Here are some of the key takeaways from its trading update:
EPS: Forecast at the top end of 15.1p to 26.0p range
Share buyback: 5% of issued capital or £250m
Cost of living pledge: Increase of £25m to £50m this year
The company, which is both a producer and supplier of energy, said profits will be ahead of expectations this year, with full year underlying earnings per share forecast to be at the top end of the 15.1p to 26.0p range.
It announced a share buyback on the strong performance, with the aim to repurchase up to 5% of its issued share capital, or around £250m. It is the first share buyback since 2014.
It said the move reflected its “recent performance and outlook, together with the work undertaken in recent years to strengthen the balance sheet and ensure appropriate liquidity”.
The group’s liquidity also improved since the half year results, it said in its unscheduled update.
Centrica cited “strong operational performance” from its electricity generation and gas production business, as well as its marketing and trading arm.

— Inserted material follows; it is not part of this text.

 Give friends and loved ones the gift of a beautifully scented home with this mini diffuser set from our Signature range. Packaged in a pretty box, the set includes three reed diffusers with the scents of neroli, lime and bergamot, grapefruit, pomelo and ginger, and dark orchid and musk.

However, it did warn of significant short-term uncertainty, including the impacts of weather, commodity prices, a weakening economy, and high inflation.

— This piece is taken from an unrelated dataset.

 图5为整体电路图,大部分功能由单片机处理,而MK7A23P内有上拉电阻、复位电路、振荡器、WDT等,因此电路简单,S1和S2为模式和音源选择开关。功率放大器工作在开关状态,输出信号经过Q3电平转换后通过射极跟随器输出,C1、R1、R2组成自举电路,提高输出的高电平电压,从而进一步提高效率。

Inflationary and economic pressures increased the group’s costs, and impacted customer numbers in British Gas services and solutions. British Gas energy volumes have also been held back because of unusually warm weather.
As a result, underlying operating profit in the retail business will be lower than current expectations.
The company added that there was still a risk that the retail division would be affected by further fluctuations in energy prices, as well as customers struggling to pay their bills over the winter period.
In response to the sharp cost of living crisis, it pledged a further £25m in support to those who needed help with bills, bringing total voluntary support to £50m this year. This will add to the government’s energy bills support scheme.
Centrica shares rose more than 8% following the announcement.
Sophie Lund-Yates, equity analyst at Hargreaves Lansdown, said: “Centrica is Britain’s biggest household supplier, so if a large portion of customers struggle to pay their bills amid the cost-of-living crisis, current conditions could have an enormous potential impact for the group.
“So far £50m has been put aside to help those struggling. The recent performance will be used by some to argue that a windfall tax should be levied on energy companies. The situation is certainly a highly sensitive one, and any potential financial knocks brought about by new taxes would need to be carefully managed by Centrica, given what’s at stake for its customers.”